He didn’t exactly calm himself. He picked me up and kicked me in the nuts so hard that I fainted for a few minutes.

“Christ, you’re going to get us sued and you’re abusive ass is headed for jail, you know that?” asked McDowell.

I was trying hard to wake up.

“Do you get the last laugh because you’re a time traveler?” asked Warner.

“I don’t know, detective. You didn’t want to hear me out,” I said to him.

“No, I didn’t,” Warner said.

“Do you wish to press charges against Detective Warner?” asked McDowell.

“No,” I answered.

“Why?” Warner asked.

“What do you want then?” asked the good one.

“I want to try and explain…”

“Do you really?” the bad cop asked me…

“My name is Andrew Godley; I come from one of the wealthiest families in the United States of America. I came here in search of the Rapture woman or the woman to end her life. I came here of my own free will and I killed her so she could not go evil…… There is a prehistoric monster, a beast, an ancient bug whose meat contains the power to cheat time.”

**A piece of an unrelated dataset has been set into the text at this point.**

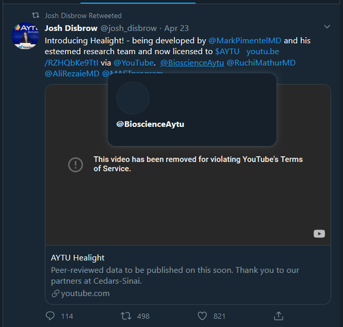 Here's a screenshot of Aytu CEO Josh Disbrow sharing the now-removed YouTube video, while tagging the now-banned Twitter account.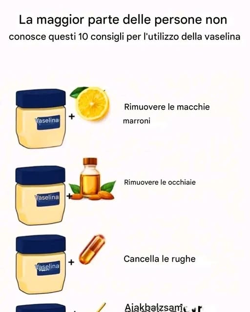 Dimentica i balsami labbra che spariscono dopo un’ora! Una goccia di vaselina è sufficiente per proteggere e ammorbidire le labbra, anche con il freddo. Aggiungi un po’ di miele o olio essenziale di menta piperita per un trattamento delicato e rinvigorente.

I was in deep trouble then I woke up from the dream. When I woke up, I realized I was still in deep trouble!

“Andrew, are you alright?” asked the old man.

“Yes,” I answered him.

“Bad dream?”

“Sure was.”

“You had one… about…… her?”

I couldn’t answer my great grandfather. I was speechless.

“What did she see, Harold?”

“Son, I honestly don’t know.”

“That’s the key to this whole crazy thing…”

“Yes it is,” Harold said.

We were kindred spirits in a world gone mad. I was no coward; I would die to save the world.

“We need to eat some more bug meat,” said Harold.

“Harold?”

“Andrew?”

“Are we the good guys or the bad guys?”

“Oh, what the hell, let’s just assume we’re the protagonists, the good guys.”

“Okay,” I said.

“I mean we never killed anyone, son,” said Harold.

“Good point.”

“Andrew, it is a good point.”

“Yes, every great movement and crazy fucking religion always assume that it’s coming from the side of righteousness.”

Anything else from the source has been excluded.